Published: 10 September 2024
Last updated: 11 September 2024
Shel
Since October 7, my parents-in-law have been displaced from their family home of 40 years. My husband will never see his childhood home again. My nieces and nephew in Israel have spent nights sleeping in shelters. Their formative years are marred forever.
Since October 7, I hesitate when someone asks me where I’m from. I search their face for clues and answer with bated breath. Sometimes I just lie.
Now, my children cannot wear sweaters with Hebrew letters in public. They demanded an explanation so now they know there are people in the world who hate Jews. They didn’t know that before.
Since October 7, I have lost friends who refused to engage in nuanced conversation. Friends who drank the kool-aid and found a place to direct their purposelessness, or their dormant biases. I’ll never go to another high school reunion.

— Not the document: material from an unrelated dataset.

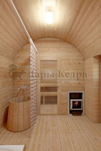 Создаст приятную атмосферу с приглушённым светом, а также визуально расширит пространство парной.
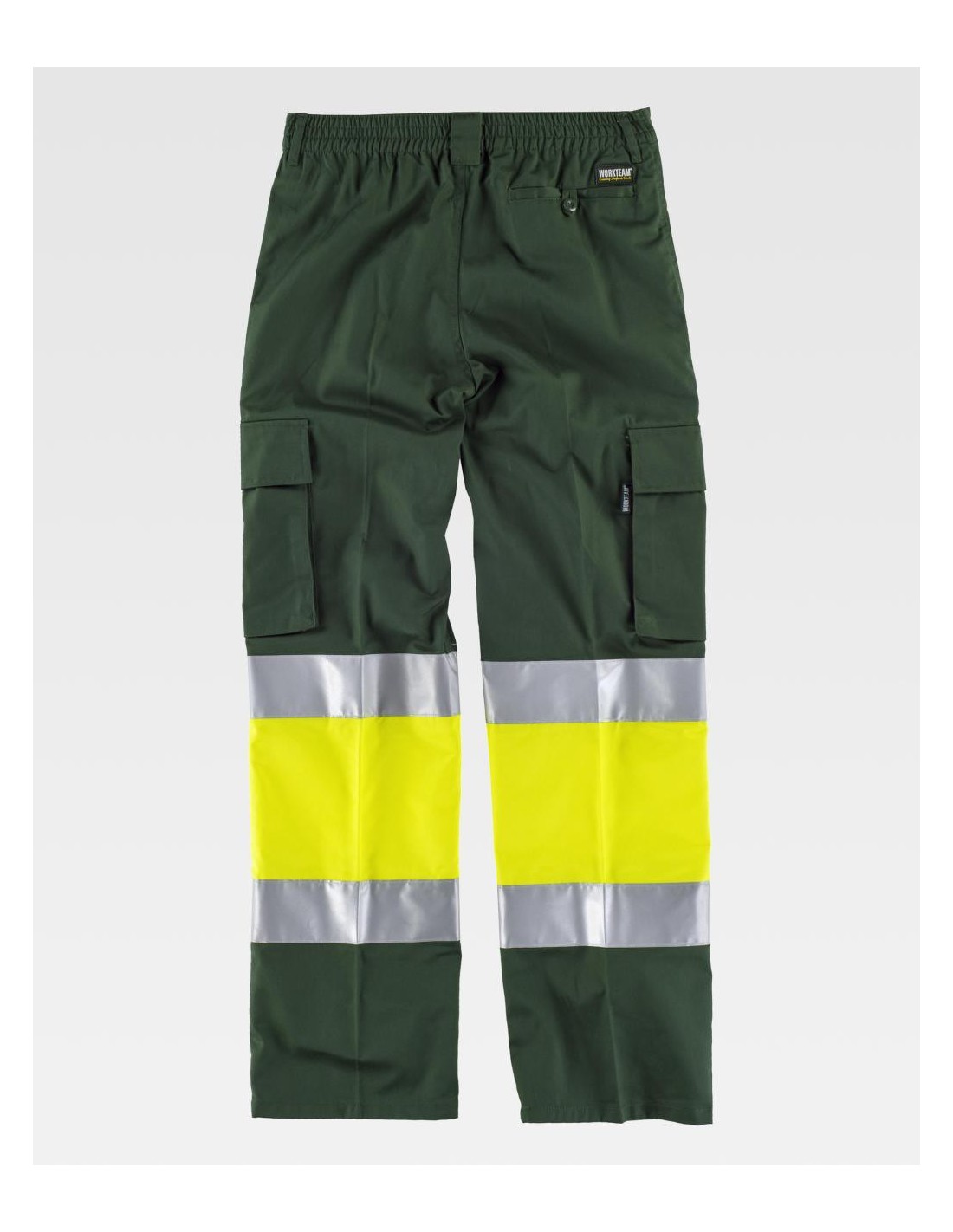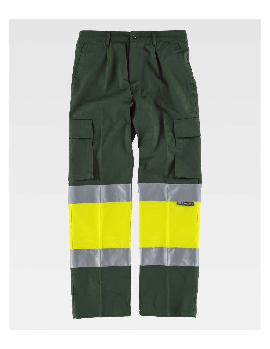 Pantalón combinado con alta visibilidad y cintas reflectantes. Confeccionado en poliéster y algodón; disponible en varias combinaciones de colores.

Since October 7, I have felt unsafe in spaces where I once belonged and advocated for- spheres of the arts, the environment, feminism and queerness… I identify as politically homeless.
Since October 7, I’ve felt a collective grief and fear and rage that has been comparable only to the death of my father.
My chest involuntarily tightens when I see an image of a harmless watermelon.
Despair is common. I fear for my children’s safety as Jews in this world, yet I also deeply need for them to know and honour their Jewish identity. It’s never been more important, because life will never be the same again.